The right-sided AV valve consists of the right superior leaflet (RSL), right lateral leaflet (RLL), and right inferior leaflet (RIL). The LSL, left lateral leaflet (LLL), and LIL form the left-sided AV valve. The commissure between the LSL and LIL represents the cleft of the left AV valve.

Although most incomplete AVSDs have no ventricular level shunting, classification of an AVSD as complete or incomplete depends only on the valve anatomy and not on the presence or absence of a ventricular septal defect (VSD). As in all AVSDs, the inlet septum in incomplete AVSDs is deficient. The continuity of the LSL and LIL forms a bridge of tissue, which obliterates the potential for shunting below the leaflets. Incomplete defects without associated ventricular level shunting have also been termed ostium primum atrial septal defects (ASDs), whereas those with a VSD have been described as intermediate or transitional AVSDs.

Complete AVSDs have a single common AV valve orifice resulting in a 5-leaflet valve (see the image below).

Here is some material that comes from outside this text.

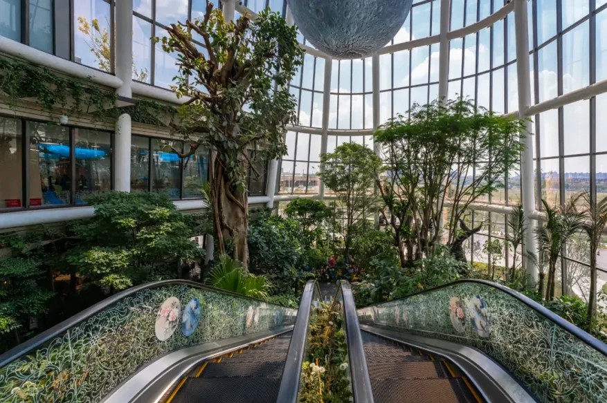 上海南翔印象城MEGA,以“一日為度假勝地”為愿景,匠心獨(dú)運(yùn)地將自然元素融入現(xiàn)代建筑設(shè)計之中。其外立面靈感源自“梯田山丘”,創(chuàng)新打造出退臺花園,為繁華都市增添一抹清新綠意。步入商場內(nèi)部,更是仿佛踏入了一個微型自然世界,600平方米的跨層生態(tài)植物園,五層樓高,匯聚了超過200種國內(nèi)外珍稀植物,森林與濕地的巧妙融合,讓人流連忘返。

These leaflets are termed the left superior or superior bridging leaflet (SBL), left inferior or inferior bridging leaflet (IBL), LLL, RSL, and RIL. Alternatively, the superior and inferior leaflets also may be termed anterior and posterior, respectively.

Rastelli et al further subclassified complete AVSDs into types A, B, and C based on the morphology of the SBL (see the image below). [7]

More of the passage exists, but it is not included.